What I am advocating is that file sharing has been a Godsend for the music business – not the corporate, all songs must sound alike music business, but the nervy and intelligent music business that I thought had gone away. File sharing is not just sharing tunes, but the technology that makes it possible and the mind set that you don't have to wait for some suit in Manhattan to choose your music for you. You can do it yourself. This is as revolutionary as overthrowing the czar, and may be what really scares the record business and its stooges in conglomerate radio. It's one thing to lose a couple of points of sales on the current It Band; it's another to lose the power to decide what will be the next It Band.

Is this happening? I think so. In the past year, I have discovered the Chesterfield Kings, the Hives, Heavy Trash, Neko Case, and Carrie Rodriguez. I'm a 49-year-old man who bought a Broken Social Scene album, for crying out loud. How often does that happen in the extremely narrow world view of a record company executive? They don't even want me to know what Broken Social Scene is. I'm just supposed to buy the current Classic Rock Hero greatest hits album, and hum along quietly.

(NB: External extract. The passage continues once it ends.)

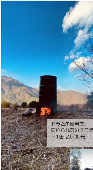
ドラム缶風呂で、 忘れられない非日常を満喫！ (1缶 2,500円)
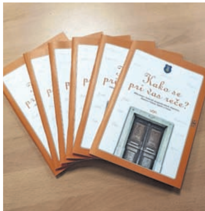
Knjižica predstavlja stara hišna imena na območju kamniške občine med Bučem in Motnikom.

Čeprav je bilo zbiranje hišnih imen na območju,

And how did I find these bands? Without any help from the record companies or radio. I found them by going to band sites on myspace, using the resources at allmusic.com, and looking for specific band websites. At allmusic, for example, you can listen to a bit of a song, look up the band's influences, and then listen to a bit from the second band. How well did this work? Well, I don't mean to brag, but we played Amy Winehouse on the IvoryTowerz podcast when she was just a chubby English girl.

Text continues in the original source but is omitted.